Try it ▸ Leaving out the pictures, return each line of the entries from the first through the line with "Исполнители отчитались о", and only those lines.

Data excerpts
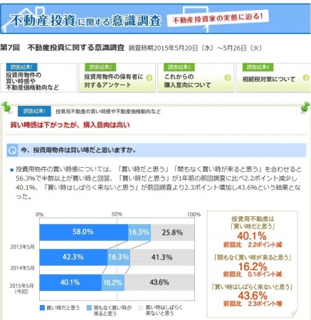 野村不動産アーバンネット株式会社(本社:東京都新宿区/取締役社長:宮島 青史)は、2015年5月20日~5月26日、投資用不動産サイト「ノムコム・プロ」(http://www.nomu.com/pro/)の会員を対象とした「不動産投資に関する意識調査(第7回)」を実施いたしました。この度、調査結果がまとまりましたのでお知らせいたします。
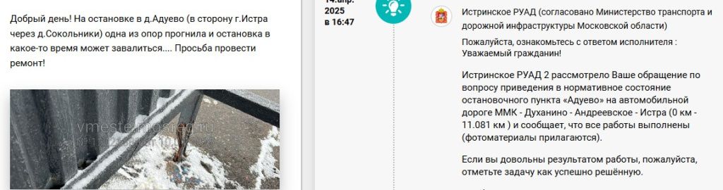 Исполнители отчитались о ремонте: повреждённый элемент был заменён.
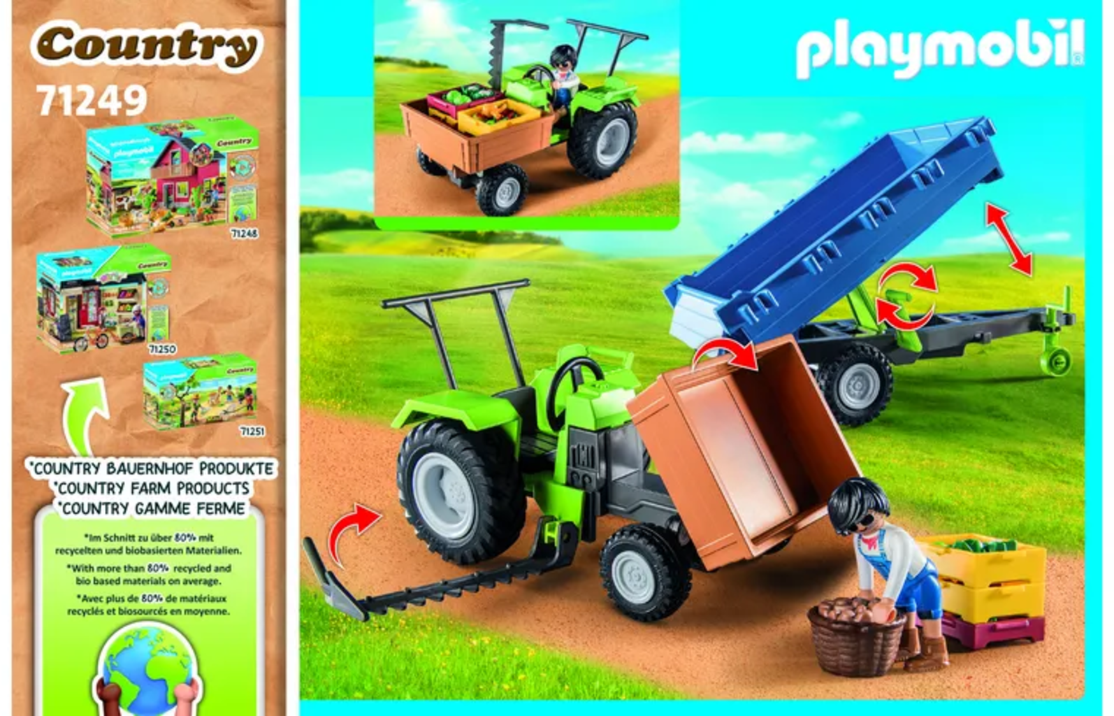 - Accessoires : 1 tracteur avec sa remorque, 4 tétra-packs, 3 pommes, 2 salades, 1 poivron, 1 concombre, 5 boîtes de transport, 1 fourche, 2 choux-fleurs, 2 pains, 1 œuf, 1 ail, 1 carotte, 1 panier, 1 corbeille de pommes de terre
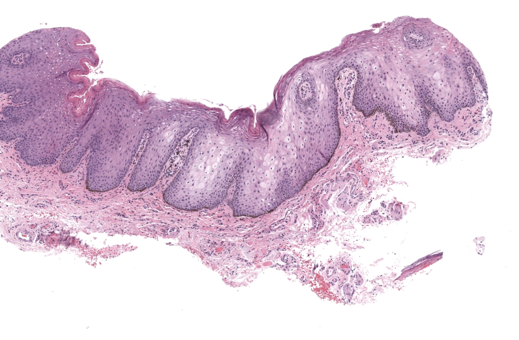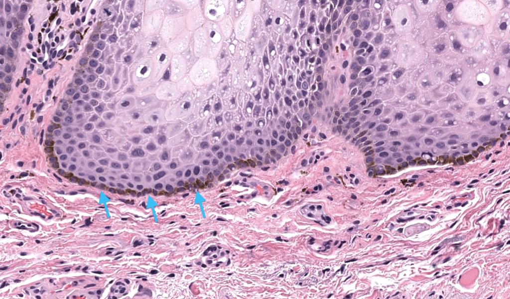 - La mácula melanótica (melanotic macule) es una hiperpigmentación macular benigna de mucosa (frecuente en labio y cavidad oral, y también en vulva/periné), caracterizada histológicamente por aumento de melanina en la capa basalcon mínima o nula proliferación melanocítica y sin atipia significativa. Kaugars 1993, Ho 1993, De Giorgi 2020
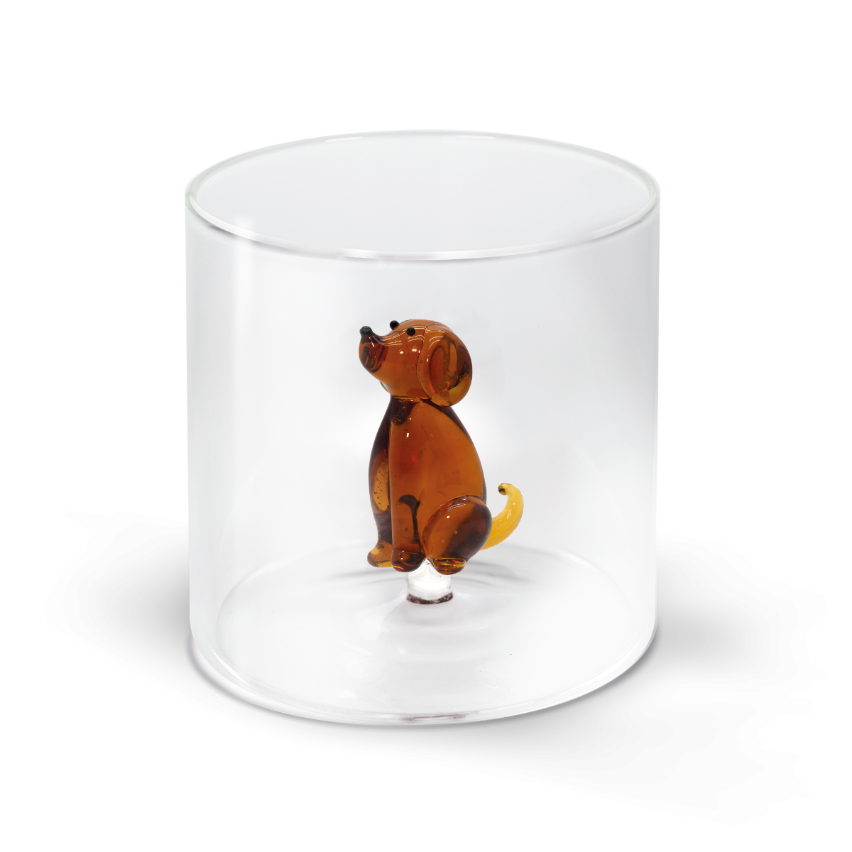 Bicchiere in vetro borosilicato con soggetto in vetro colorato all’interno.
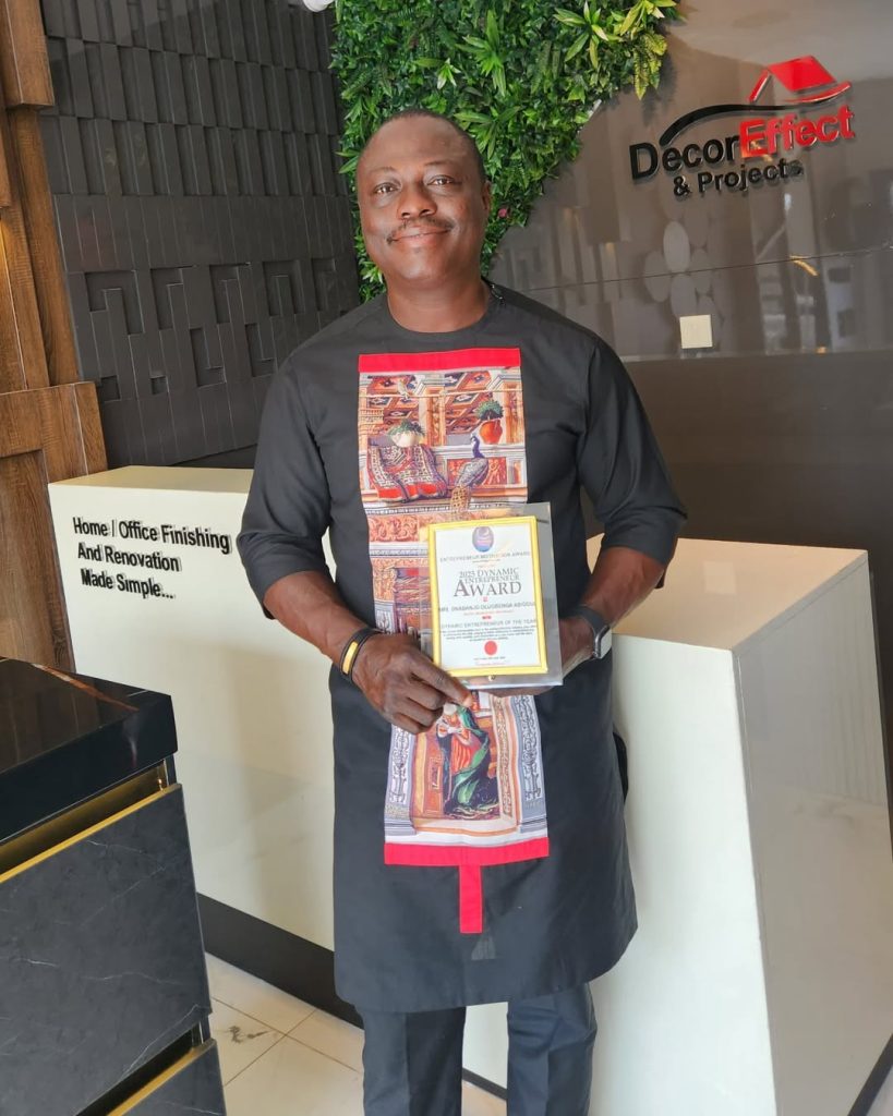 The CEO and Founder of DecorEffect and Projects Ltd, Olugbenga Onabanjo, has been honored as one of the 2025 Dynamic Entrepreneurs by the Entrepreneur Empowerment Awards (EMA Awards)—a prestigious recognition celebrating entrepreneurial excellence, innovation, and impact across Nigeria.

Response area ▸
 野村不動産アーバンネット株式会社(本社:東京都新宿区/取締役社長:宮島 青史)は、2015年5月20日~5月26日、投資用不動産サイト「ノムコム・プロ」(http://www.nomu.com/pro/)の会員を対象とした「不動産投資に関する意識調査(第7回)」を実施いたしました。この度、調査結果がまとまりましたのでお知らせいたします。
 Исполнители отчитались о ремонте: повреждённый элемент был заменён.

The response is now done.